Partner Kickoff & Collaboration

Led design kickoffs with each co-brand partner — presenting the template framework, aligning on brand requirements, and translating partner feedback into design specifications.

Cross-Functional Scope
  • Designed onboarding system scaling across 12+ co-brand partners
  • Delivered United Airlines and Marriott Bonvoy warm welcome experiences
  • Led partner kickoff presentations for brand alignment
  • Collaborated with product, engineering, marketing, and partner relations
  • Contributed to a 29% lift in digital wallet provisioning and $80M in incremental sales

What this taught me

01
Scalable doesn't mean generic
The biggest risk with a template system is that everything feels the same. The key was designing the right abstraction layer — structural consistency (screen sequence, CTA patterns) with full flexibility for brand expression (colors, imagery, copy, benefit hierarchy). Partners need to feel like it's their experience, not Chase's.
02
Day 0 is the highest-leverage moment
Customer excitement peaks at approval.

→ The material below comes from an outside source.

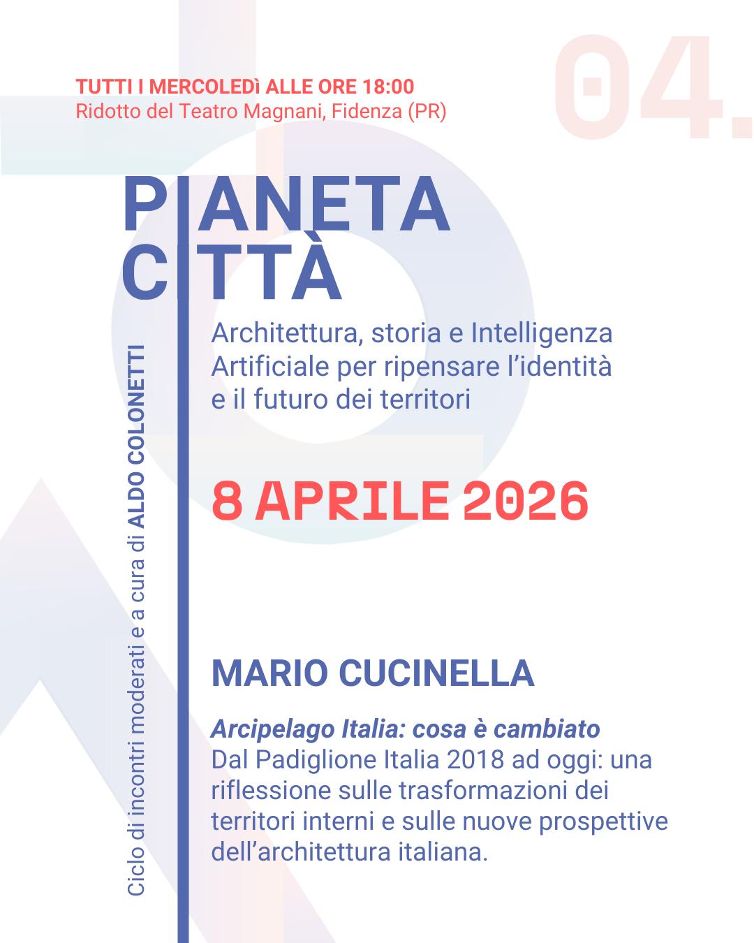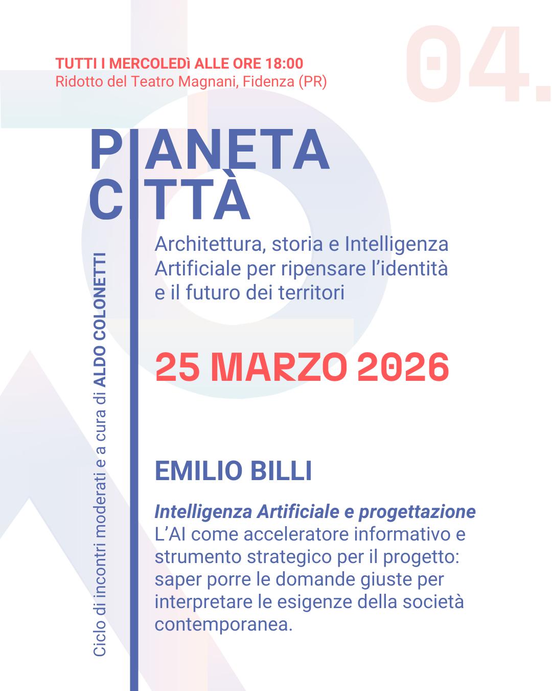 Gli ospiti di Pianeta Città 2026 sono l’architetto Mario Cucinella, lo storico Fulvio Irace; Giancarlo Consonni, architetto responsabile dell’Archivio Piero Bottoni; il demografo Matteo Manfredini ed Emilio Billi, uno dei maggiori protagonisti a livello internazionale dell’AI, residente in California.

Every hour that passes without engagement is lost momentum. By making the warm welcome the first thing after approval — not an email three days later — we captured intent at its peak. The 29% provisioning lift proves the timing matters as much as the design.
03
Reducing calls is a design problem
Call volume isn't just a support problem — it's a signal that the product isn't teaching customers what they need to know. By embedding alerts, autopay, and account management directly into the moment of highest attention, we turned a servicing cost into a self-service feature discovery moment.
04
Prove with one, then scale
Launching United and Marriott first gave us a bounded proving ground — real partners, real data, real feedback — before committing to the full 12+ partner rollout. The early wins gave stakeholders confidence and gave us the data to refine the template before scale.